Wednesday, June 28, 2023

Double boom! Anti-trans bills in Tennessee and Kentucky temporarily blocked by federal courts

I told folks a while back when these awful anti-trans bills were being passed that the courtroom is totally different from legislative chambers. In legislative chambers, the ending is mostly pre-determined. You can basically pass any type of junk. But the courtroom is still a place where you have to defend your sh!t. And it looks like those who pushed for these anti-trans bills are having a real problem in that area. 

First, there is Kentucky. 

From The Associated Press:

A federal judge temporarily blocked Kentucky’s ban on gender-affirming care for transgender youths on Wednesday, taking the action shortly before the measure was set to take effect. In issuing the preliminary injunction, U.S. District Judge David Hale sided with seven transgender minors and their parents, who sued the state officials responsible for enforcing the provisions banning the use of puberty blockers and hormones. “Justice is served today as the most egregious parts of Kentucky’s anti-trans law are struck down by a federal judge,” said Chris Hartman, executive director of the Fairness Campaign, a Kentucky-based LGBTQ+ advocacy group. 

 . . . In their lawsuit, the Kentucky plaintiffs claim that the prohibition interferes with parental rights to seek established medical treatment for their children. The plaintiffs requested a preliminary injunction to prevent the disputed portion of the law from taking effect on Thursday. In his order, Hale concluded that the plaintiffs showed “a strong likelihood of success on the merits” of their constitutional challenges to the contested portion of the measure. In his order, the judge said that if the disputed sections were allowed to take effect, they would “eliminate treatments that have already significantly benefited six of the seven minor plaintiffs and prevent other transgender children from accessing these beneficial treatments in the future.”


And while we were rejoicing over that, we got more good news from Tennessee. 

Brody Levesque from The Los Angeles Blade reported:

A federal judge has blocked enforcement of a Tennessee law banning gender-affirming healthcare care for trans youth up to age 18 while several families’ legal challenge against the law proceeds in court. United States District Court Judge Eli Richardson in his sixty-nine page ruling granted the request for a preliminary injunction against the law, SB1, in a lawsuit brought by Samantha and Brian Williams of Nashville and their 15-year-old daughter, as well as two other anonymous families and Dr. Susan N. Lacy. The law would prohibit medical providers from providing gender-affirming health care to transgender youth and would require trans youth currently receiving gender-affirming care to end that care within nine months of the law’s effective date of July 1, 2023, or by March 31, 2024. 

 Richardson wrote in his conclusion: “The Court realizes that today’s decision will likely stoke the already controversial fire regarding the rights of transgender individuals in American society on the one hand, and the countervailing power of states to control certain activities within their borders and to use that power to protect minors. The Court, however, does not stand alone in its decision. 

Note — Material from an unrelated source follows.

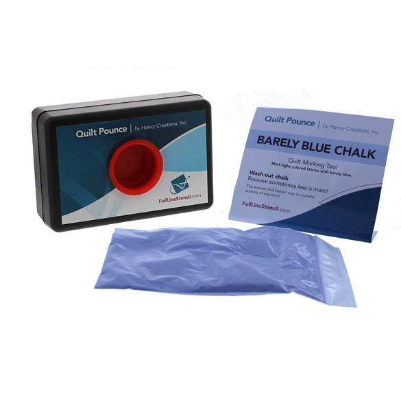 Hancy's Pounce Pads are a must-have tool for free motion quilting! Pounce Pad Chalks are available in a variety of colors for use with both dark and light fabrics. These pounce pads are intended for use with Hancy's Quilt Stencils. To use, lay your desired stencil on your fabric and gently brush over the screen with your chalked pounce pad. When you remove the stencil, a perfectly chalked quilt design will be visible. Quilt over the chalk design then remove the excess chalk by either washing it away or brushing it away with a lint brush. White chalk can be ironed away or heated away with a hairdryer. DO NOT iron colored chalks as they contain dye that will heat set into fabrics.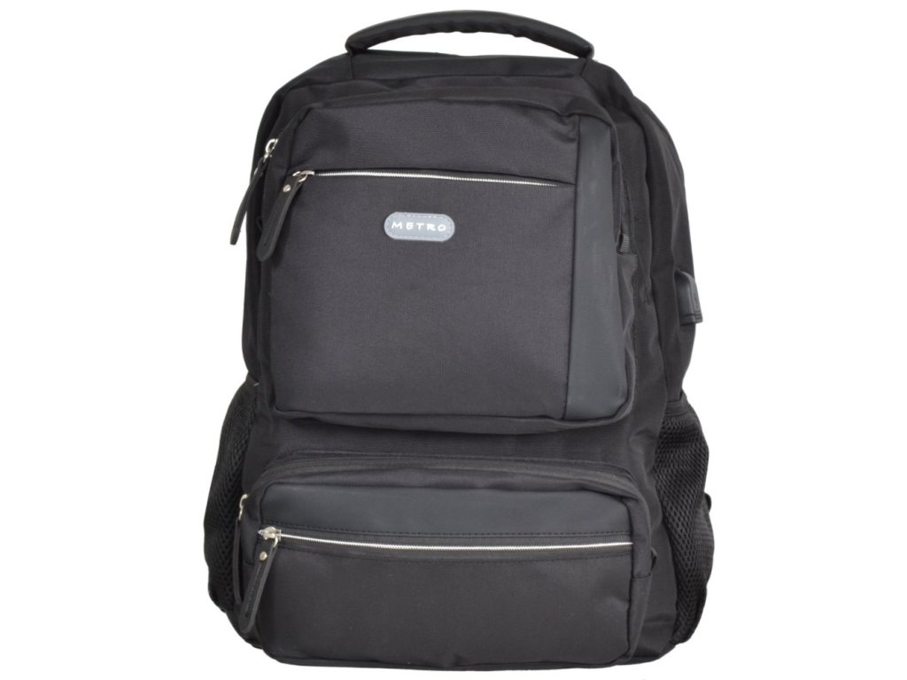 Batoh z kolekce METRO je ideálním batohem pro každodenní použití, nabízí dostatek místa pro knihy, dokumenty (A4) a notebook.Pohodlné nastavitelné ramenní popruhy v kombinaci s polstrovanými zády zajišťují maximální pohodlí při nošení. Batoh má jeden hlavní prostor, na přední straně čtyři menší kapsy a kapsy na bocích vhodné např. pro láhev, skladací deštník. Uvnitř batohu je polstrovaný úložný prostor pro notebook. Batoh je vybaven speciálním popruhem na zadní straně, díky němuž ho můžete připevnit přes výsuvné madlo kufru.Batoh je vybaven vestavěným USB nabíjecím portem na vnější straně, takže můžete snadno nabíjet svá mobilní zařízení na cestách. Jednoduše vložte svůj vlastní powerpack do vnitřní kapsy (powerpack není součástí dodávky) a pomocí dodaného USB kabelu jej připojte k portu. K nabíjení zařízení pak můžete použít vlastní nabíjecí kabel, aniž byste museli po kapsách tahat těžký powerpack.

As repeatedly emphasized above, several federal courts across the country have been confronted with laws that mirror SB1 in material respects. To the Court’s knowledge, every court to consider preliminarily enjoining a ban on gender-affirming care for minors has found that such a ban is likely unconstitutional. And at least one federal court has found such a ban to be unconstitutional at final judgment.”

According to the ACLU:

Tennessee’s is the fourth ban on gender-affirming care blocked by a federal court following similar rulings in Arkansas, Alabama, and Florida, and Kentucky. The ACLU and the ACLU of Oklahoma secured a binding non-enforcement agreement with the Attorney General of Oklahoma preventing enforcement of that state’s ban in May 2023. On June 16, 2023, the ACLU and the ACLU of Indiana were granted a preliminary injunction in a legal challenge against Indiana’s ban on gender-affirming care. In June 2023, a federal judge in Arkansas struck down that state’s ban in a permanent injunction, the first court ruling on the merits regarding a ban on gender-affirming care.